Urn contains $n$ chips numbered 1 through n. assume that the probability of choosing $i$ is equal to $ki$, $i=1,2,...,n$. If one chip is drawn, calculate $E(1/X)$, where the random variable $X$ denotes the number showing on the chip selected.

[HINT: recall that the sum of the first n integers is $n(n+1)/2$]

My solution:

Given: $p_x(i) = ki$ where $i=1,...,n$. Let $g(x)=1/x$. Then

$E(g(i)) = \sum^n_{i=1}g(i)p_x(i) = \sum^n_{i=1} (i)^{-1} (ki) = k\sum^n_{i=1}1 = k(n+1)$

I am struggling to figure out this question. The hint they gave have no use (which i doubt that the textbook will give the hint if its not used). I read on other online solutions that they have $kn(n+1)/2$ but I do not understand how that would be correct.

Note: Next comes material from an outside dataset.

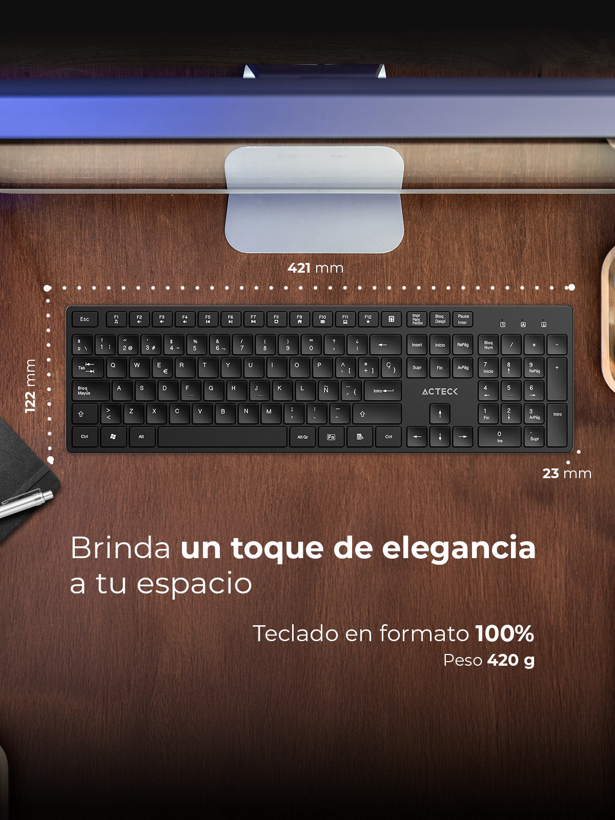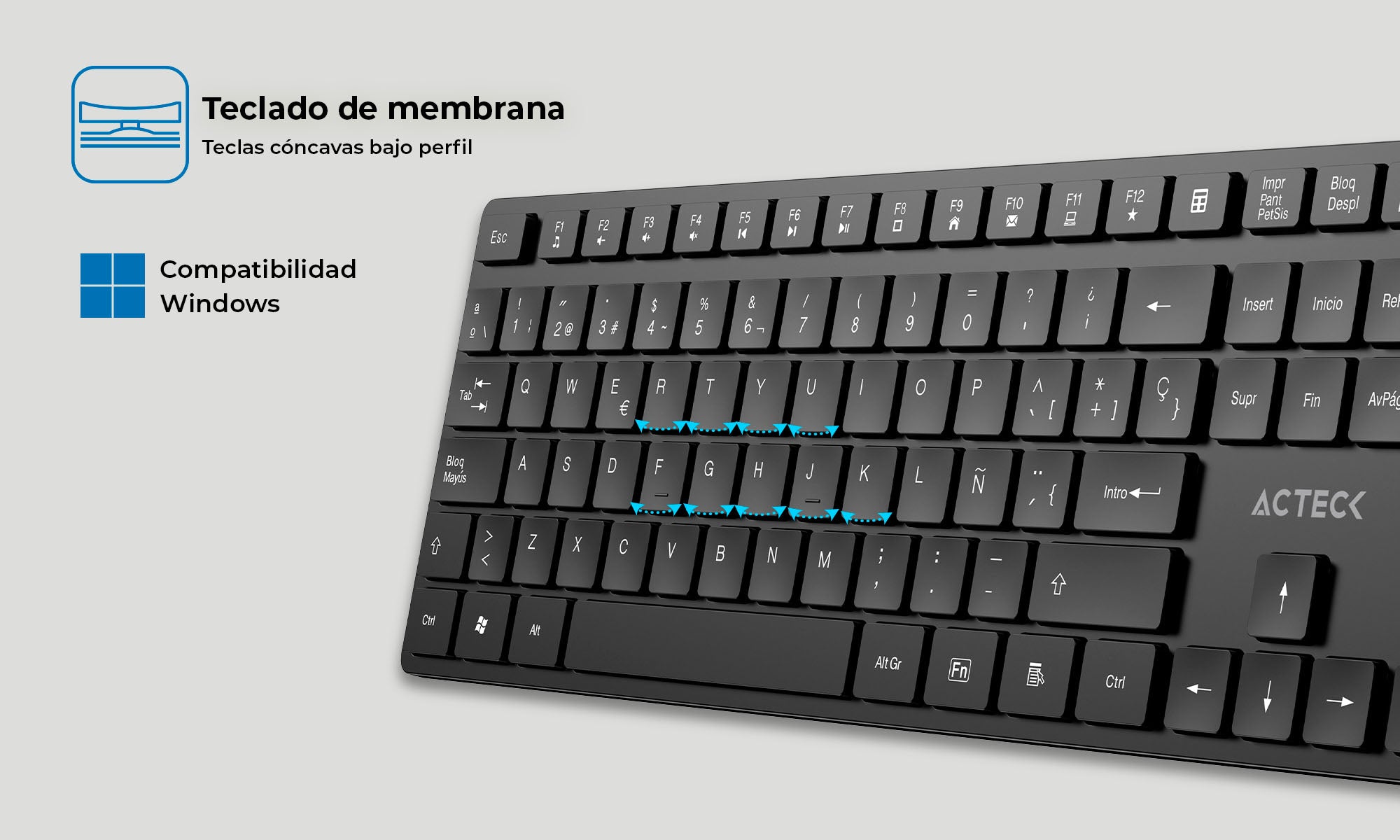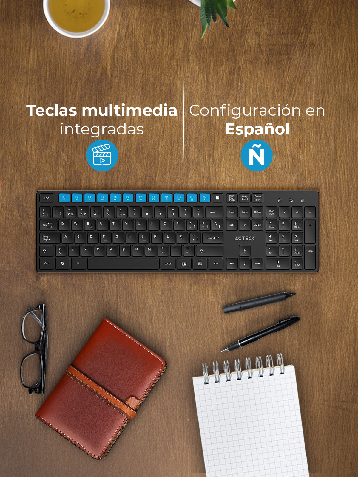 Teclado con distribución en español y funciones multimedia que facilitan el acceso rápido, que optimizan la experiencia en tareas diarias o de entretenimiento.

Your feedback is appreciated.

Answer 1

Your answer needs a slight modification and at first hand should be: $$\mathsf EX^{-1}=kn\tag1$$ and not $k(n+1)$.

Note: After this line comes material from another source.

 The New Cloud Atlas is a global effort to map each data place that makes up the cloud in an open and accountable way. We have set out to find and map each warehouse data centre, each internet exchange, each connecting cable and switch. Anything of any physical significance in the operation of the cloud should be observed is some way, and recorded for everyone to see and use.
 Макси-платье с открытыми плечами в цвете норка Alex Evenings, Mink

This simply because $\sum_{i=1}^n1=n$ (and not $n+1$).

But actually you are not ready here.

We also have the equality $\sum_{i=1}^nki=1$ which allows you to find and expression for $k$ in $n$ and substitute in $(1)$. This declares the hint in your textbook.

I leave that to you.

Answer 2

You have a minor error. $k\sum_{i=1}^{n}1 = nk$.

Aside from that, given the problem statement, as you've currently written it, your answer seems correct to my eyes.

Answer 3

Unless I'm making a fool of myself, your answer is certainly right (with the exception of one silly little mistake: $\sum_{i=1}^n = n$, not $n+1$)! Note, first, that $k = (\tfrac12n(n+1))^{-1}$; it might be worth writing your answer as $$ kn = 2/(n+1). $$

Note that the answer you're referencing is exactly equal to $1$. Let's consider some basic heuristics as to why this cannot be the case. Firstly, suppose $n$ is very large, $10^{100000}$ say. You're overwhelmingly likely to pick a number in the range $[n/2,n]$, (because squares increase much faster than linear). As such, we can say, informally, that the expectation is at most $$1/2 + \langle \text{what it would be if we restrict to $[n/2,n]$} \rangle.$$ In this latter range, $1/X$ can take the value at most $2/n \le 1/10$, and so the expectation is at most $1/2 + 1/10$.

Now, this is just heuristics. Perhaps as an exercise you could come up with a way to make such an upper bound rigorous? Use the equality $$ E(X^{-1}) = E(X^{-1} 1(X^{-1} > n/2)) + E(X^{-1} 1(X^{-1} \le n/2)), $$ where $1(A)$ is the indicator of an event $A$.